I'm definitely eyeballing it. Hi and low cut filters and also look ahead on the side chain are great features, I'm not sure if I've seen another comp that has all three. I love Nolly's sounds so I trust that it will be amazing, would also like to read what others think about it.


----------



## shpence (Jan 21, 2019)

14 day trial available. Almost wish I didn’t try it due to not wanting to return to how my drum mix was before. Well done GGD Marketing team.


----------



## bulb (Jan 21, 2019)

shpence said:


> 14 day trial available. Almost wish I didn’t try it due to not wanting to return to how my drum mix was before. Well done GGD Marketing team.



Haha well that’s entirely the idea behind the demo! We really think this compressor will help you get your drums to the next level, so with a trial you can see for yourself and then want to buy it because you actually use it!


----------



## MerlinTKD (Feb 1, 2019)

I finally got some drum mics (yay, Christmas  ) and been working on recording and mixing at band practice... I'll probably be snagging the demo in the next week or so to try it out. I can post some comparison vids later, if it'd be helpful.


----------



## MerlinTKD (Feb 1, 2019)

bulb said:


> Haha well that’s entirely the idea behind the demo!

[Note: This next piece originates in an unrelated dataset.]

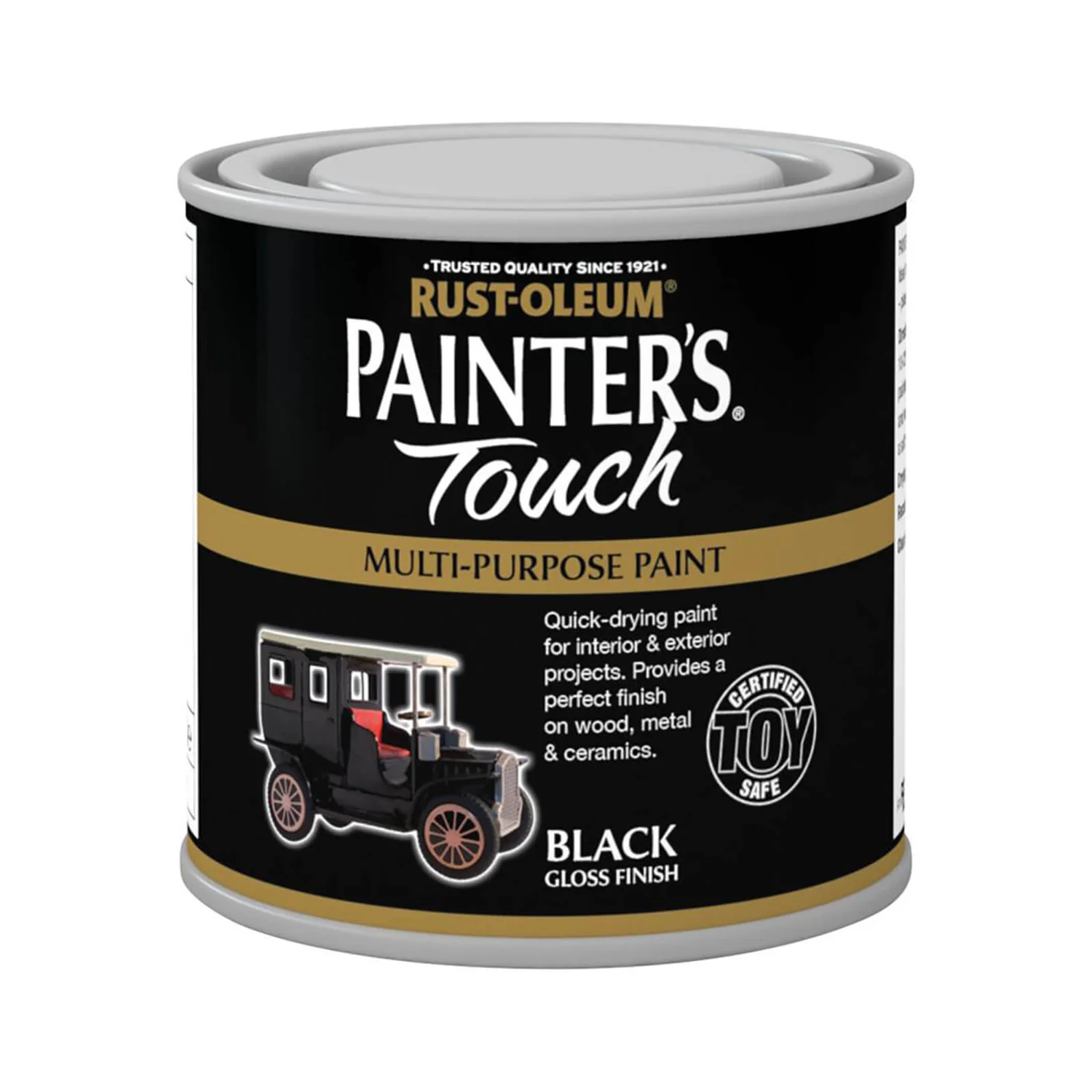 A multi-purpose, water-based paint for a wide range of small projects and crafts. Certified Toy-Safe, this paint can also be used to decorate children’s toys and furniture. Rust-Oleum Painters Touch brush paint is Toy Safe, subject to Toy Standard Testing: BS EN 71-3: 2013 + A1:2014, Migration of Certain Elements. Typical applications include children’s toys, picture frames, vases, bric-a-brac and garden accessories. Can be applied to wood, metal and ceramic. Application – Stir well before use. Use only when temperature is between 10-32oC and humidity is below 85% to ensure proper drying. Previously painted surfaces should be lightly abraded to provide a key. Bare metal and wood should be suitably primed prior to painting. Apply paint with a soft brush using light even strokes taking care to avoid unsightly runs. Coverage – Up to 6m2/litre per coat. Coverage may vary depending upon method and rate of application and porosity of surface. Drying Time – Dries to touch in 30 to 60 minutes. Allow at least 2 hours between coats.
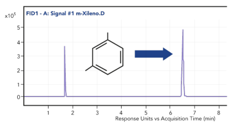 - Si en los viales (B) se obtienen cantidades de xileno ≥ 5% de las cantidades obtenidas en su correspondiente vial (A), la toma de muestra no es válida y debe repetirse el muestreo.

We really think this compressor will help you get your drums to the next level, so with a trial you can see for yourself and then want to buy it because you actually use it!



Just like (the multi-national coffee shop) where I work... the first taste is free, after that you pay


----------



## CLAYSHAPER (Jul 24, 2019)

bulb said:


> Haha well that’s entirely the idea behind the demo! We really think this compressor will help you get your drums to the next level, so with a trial you can see for yourself and then want to buy it because you actually use it!



I'm using Smash and grab and it's easy, fast and sounds killer. I'm so happy about it.


----------



## 7ibby001 (Sep 9, 2019)

I already own Modern and Massive, would it be worth it to get Smash and Grab alongside it? I've sunk so much money into plugins recently, I've been putting off other upgrades to my studio because of it .-.


----------



## Kaura (Sep 9, 2019)

7ibby001 said:


> I already own Modern and Massive, would it be worth it to get Smash and Grab alongside it? I've sunk so much money into plugins recently, I've been putting off other upgrades to my studio because of it .-.



If you don't have any nice compressor plugins already I'd say it's worth it. Nowadays I just have to slap that on the drum bus and that's drum mixing basicly done.


----------